* EXERCISE DIRECTIONS *
Output the line that contains "JBL PROFLORA CO2" together with each line after it, through the final line of the listing below, word for word; omit pictures.

* RAW DATA *

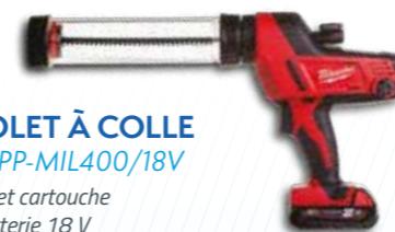
PISTOLET À COLLE Réf. : PPP-MIL400/18V ■ Poche et cartouche ■ sur batterie 18 V
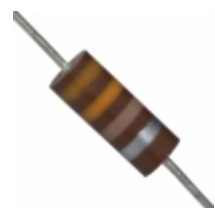
OA331K Ohmite RES 330 OHM 1W 10% AXIAL
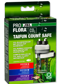
JBL PROFLORA CO2 TAIFUN COUNT SAFE Счетчик пузырьков CO2 со встроенным обратным клапаном
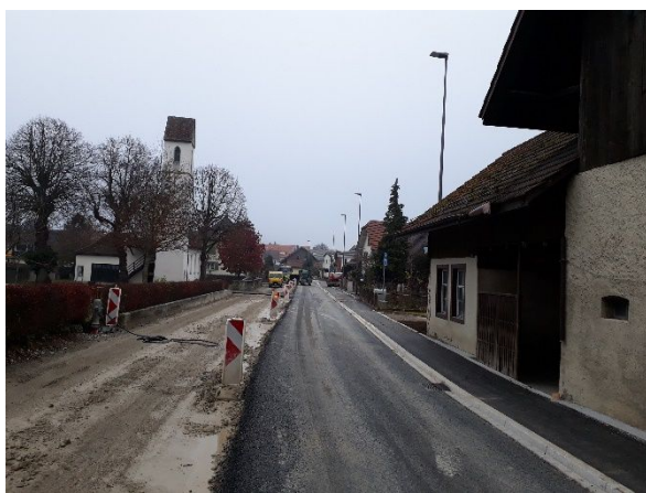
Abb. 5: Phasenumstellung innerhalb Bauphase 3 von Süd nach Nord inkl. neu aufgestellter Kandela-ber

* ANSWER AREA *
JBL PROFLORA CO2 TAIFUN COUNT SAFE Счетчик пузырьков CO2 со встроенным обратным клапаном
Abb. 5: Phasenumstellung innerhalb Bauphase 3 von Süd nach Nord inkl. neu aufgestellter Kandela-ber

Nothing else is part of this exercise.